Step 1: Sign Up and Set Up a NodeShift Cloud Account
Visit the NodeShift Platform and create an account. Once you’ve signed up, log into your account.
Follow the account setup process and provide the necessary details and information.
Step 2: Create a GPU Node (Virtual Machine)
GPU Nodes are NodeShift’s GPU Virtual Machines, on-demand resources equipped with diverse GPUs ranging from H100s to A100s. These GPU-powered VMs provide enhanced environmental control, allowing configuration adjustments for GPUs, CPUs, RAM, and Storage based on specific requirements.
Navigate to the menu on the left side. Select the GPU Nodes option, create a GPU Node in the Dashboard, click the Create GPU Node button, and create your first Virtual Machine deployment.
Step 3: Select a Model, Region, and Storage
In the “GPU Nodes” tab, select a GPU Model and Storage according to your needs and the geographical region where you want to launch your model.
We will use 1 x H100 SXM GPU for this tutorial to achieve the fastest performance.
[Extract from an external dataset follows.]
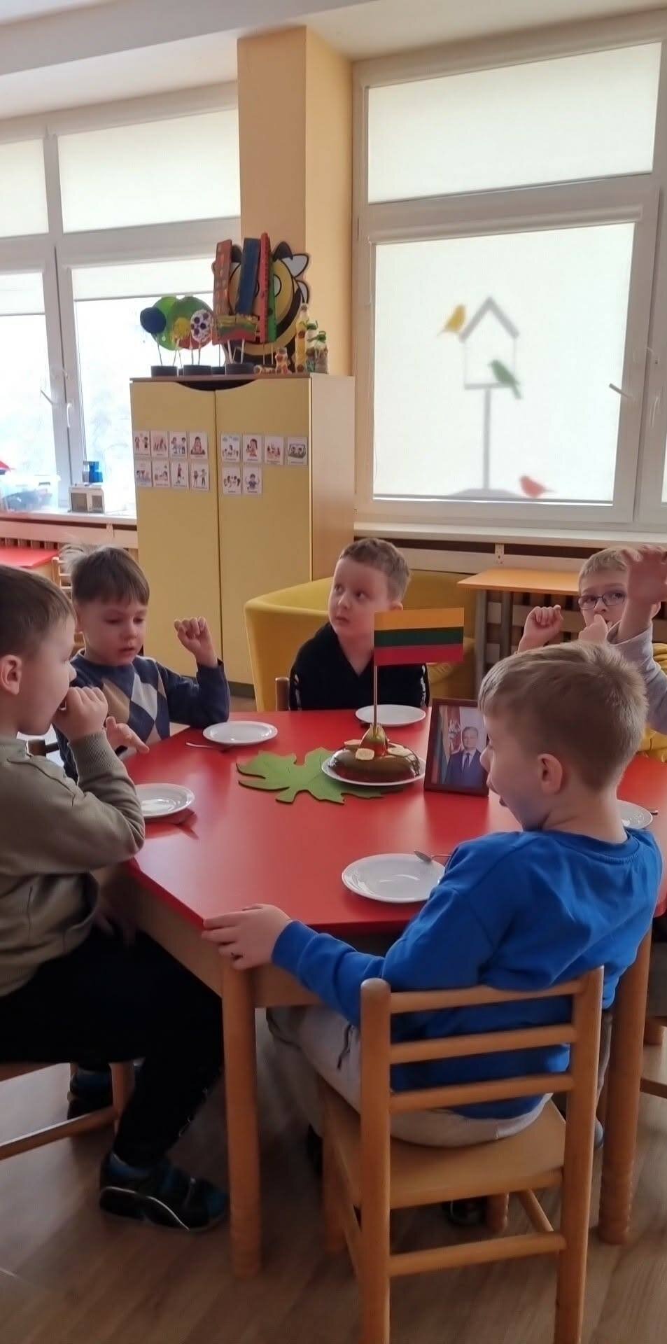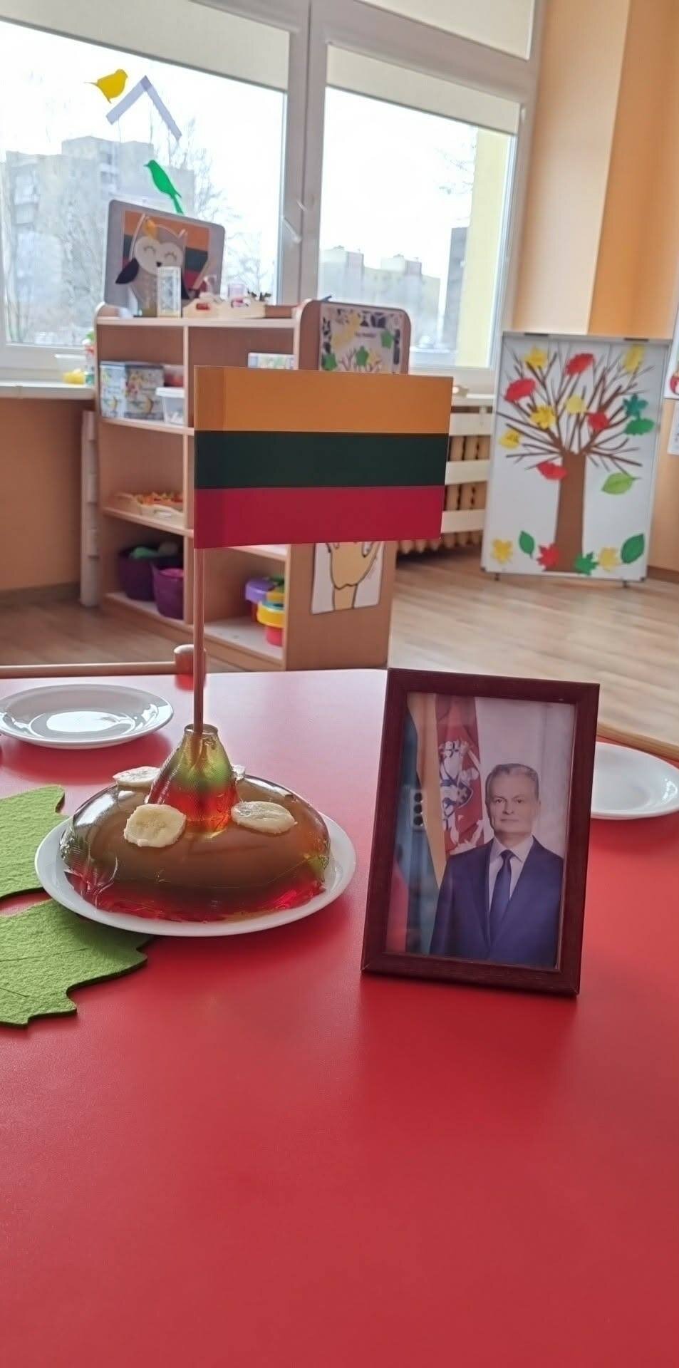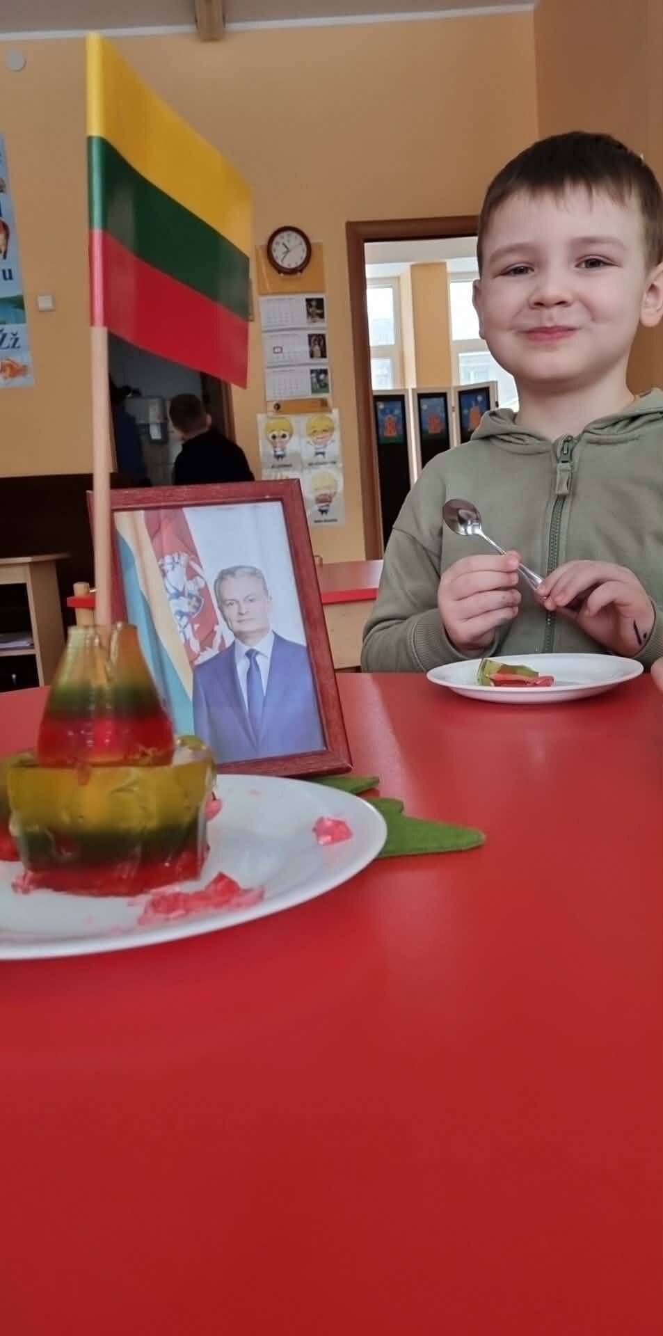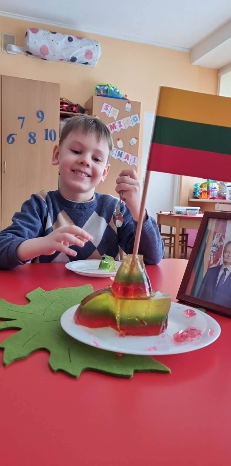 Vasario 9, 10 dienomis „Boružėlės“ grupės ugdytiniai paminėjo artėjančią Lietuvos valstybės atkūrimo dieną - Vasario 16-ąją. Šią ypatingą progą vaikai pažymėjo kūrybiškai ir prasmingai - pasigamino trispalvį tortą. Veiklos metu vaikai įvardijo Lietuvos vėliavos spalvas - geltoną, žalią ir raudoną. Išsiaiškinome, kad Lietuvos vėliavą sudaro trys spalvos, aptarėme jų reikšmes. Taip pat prisiminėme, kas yra Lietuvos prezidentas, Lietuvos sostinė. Kalbėjome apie Vilniuje stovinčią Gedimino pilį, kuri yra viena svarbiausių mūsų šalies simbolių. Taip pat prisiminėme kokia Lietuvos valstybės valiuta. Atėjo pati laukiamiausia akimirka. Vaikai nekantriai susibūrė aplink stalą ir grožėjosi trispalviu žele tortu. Atsargiai pjaustėme tortą, viduje aiškiai matėsi geltonas, žalias ir raudonas sluoksniai. Mažos rankytės paėmė gabalėlius, o akys suspindo džiaugsmu. Vaikai ragavo, šypsojosi, ir džiaugėsi savo bendru darbu. Ši veikla suteikė daug teigiamų emocijų, padėjo geriau pažinti Lietuvą, jos simbolius bei stiprinti meilę Tėvynei.

However, you can choose a more affordable GPU with less VRAM if that better suits your requirements.
Step 4: Select Authentication Method
There are two authentication methods available: Password and SSH Key. SSH keys are a more secure option. To create them, please refer to our official documentation.
Step 5: Choose an Image
Next, you will need to choose an image for your Virtual Machine. We will deploy Jais-Adapted-70b Model on a Jupyter Virtual Machine. This open-source platform will allow you to install and run the Jais-Adapted-70b Model on your GPU node. By running this Model on a Jupyter Notebook, we avoid using the terminal, simplifying the process and reducing the setup time. This allows you to configure the model in just a few steps and minutes.
Note: NodeShift provides multiple image template options, such as TensorFlow, PyTorch, NVIDIA CUDA, Deepo, Whisper ASR Webservice, and Jupyter Notebook. With these options, you don’t need to install additional libraries or packages to run Jupyter Notebook. You can start Jupyter Notebook in just a few simple clicks.
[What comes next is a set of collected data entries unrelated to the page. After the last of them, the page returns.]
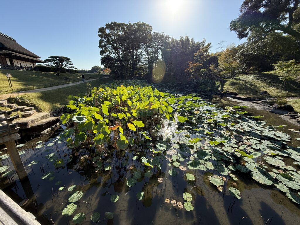 広大な池や築山が配された「回遊式庭園」ならではの、歩くごとに景色が変わる美しさがありました。
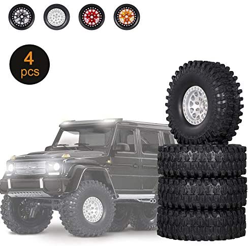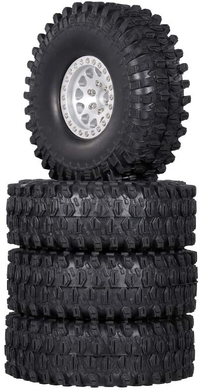 4PCS 1.9 Inch RC Crawler Rubber Tires with Metal Rim for 1/10 RC Rock Crawler Traxxas TRX-4 TRX-6 Axial Scx10 90046 RC4WD RC Car Parts (Silver)
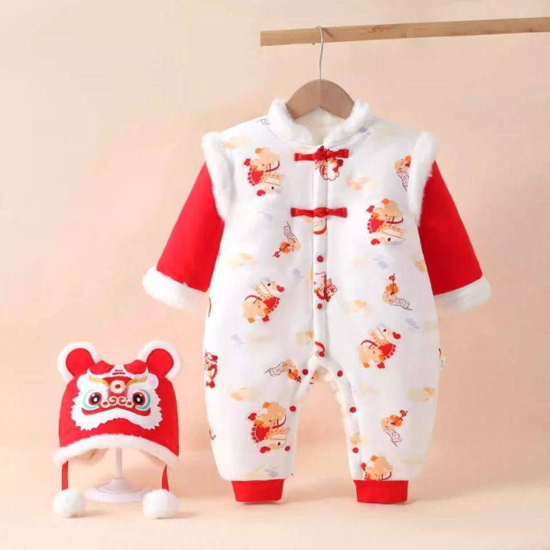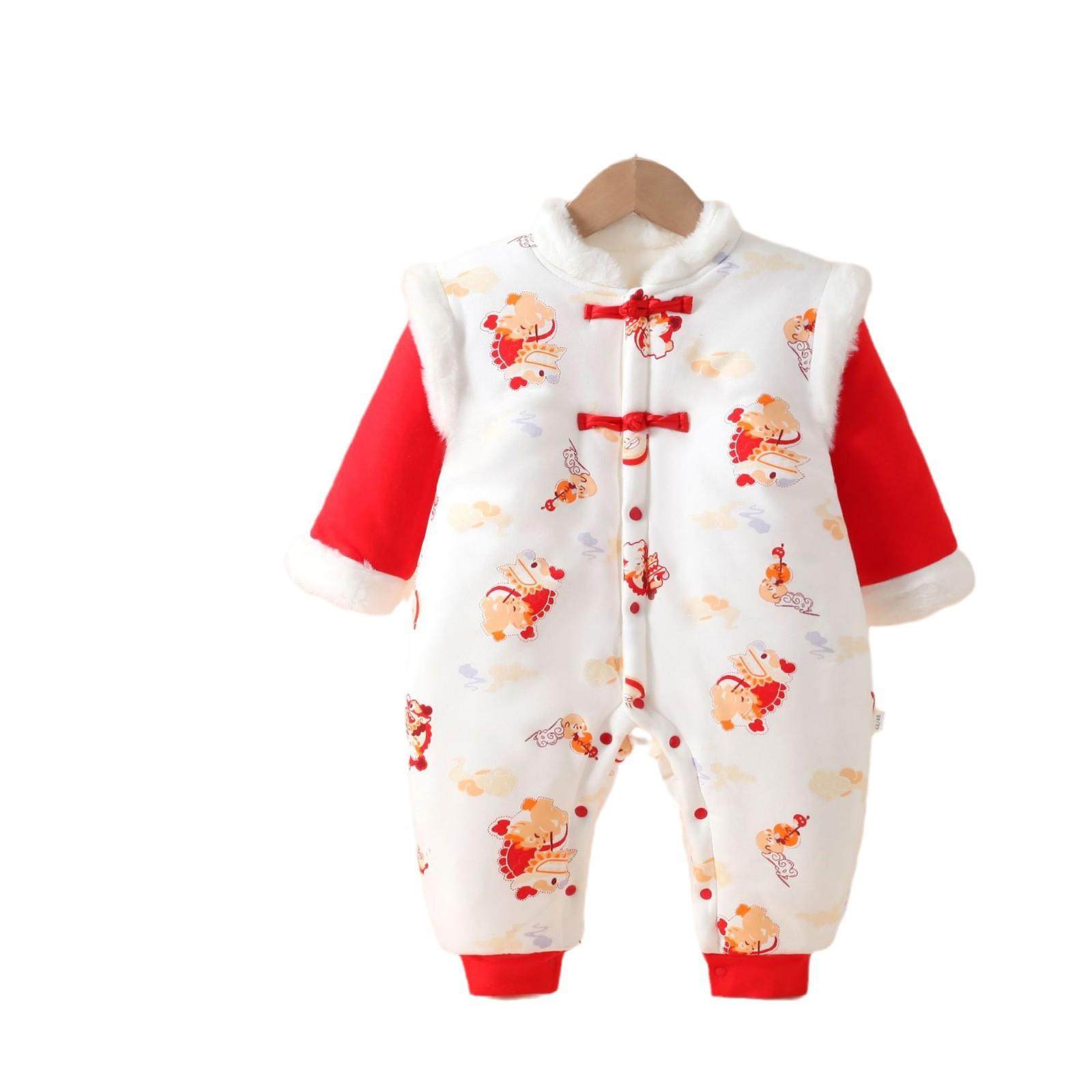 300g夹棉加厚婴儿连体棉袄加绒宝宝外套大红喜庆拜年服周岁满月礼

After choosing the image, click the ‘Create’ button, and your Virtual Machine will be deployed.
Step 6: Virtual Machine Successfully Deployed
You will get visual confirmation that your node is up and running.
Step 7: Connect to Jupyter Notebook
Once your GPU VM deployment is successfully created and has reached the ‘RUNNING’ status, you can navigate to the page of your GPU Deployment Instance. Then, click the ‘Connect’ Button in the top right corner.
After clicking the ‘Connect’ button, you can view the Jupyter Notebook.
Now open Python 3(pykernel) Notebook.
Next, If you want to check the GPU details, run the command in the Jupyter Notebook cell:
!nvidia-smi
Step 8: Install Dependencies in Jupyter Notebook
Run the following commands in Jupyter Notebook to install dependencies:
!pip install --upgrade pip
!pip install torch torchvision torchaudio --index-url https://download.pytorch.org/whl/cu121
!pip install transformers accelerate safetensors sentencepiece
!pip install auto-gptq bitsandbytes
Step 9: Access model from Hugging Face
You need to agree to share your contact information to access this model. Fill in all the mandatory details, such as your name and email, and then wait for approval from Hugging Face and Meta to gain access and use the model.
Link: https://huggingface.co/inceptionai/jais-adapted-70b
You will be granted access to this model within an seconds, provided you have filled in all the details correctly.
Step 10: Download the Model
Run the following command to download the model:
from huggingface_hub import snapshot_download
repo_id = "inceptionai/jais-adapted-70b"
hf_token = "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" # Replace with your token
snapshot_download(repo_id=repo_id, token=hf_token, local_dir="jais-adapted-70b")
How to Generate a Hugging Face Token
- Create an Account: Go to the Hugging Face website and sign up for an account if you don’t already have one.
- Access Settings: After logging in, click on your profile photo in the top right corner and select “Settings.”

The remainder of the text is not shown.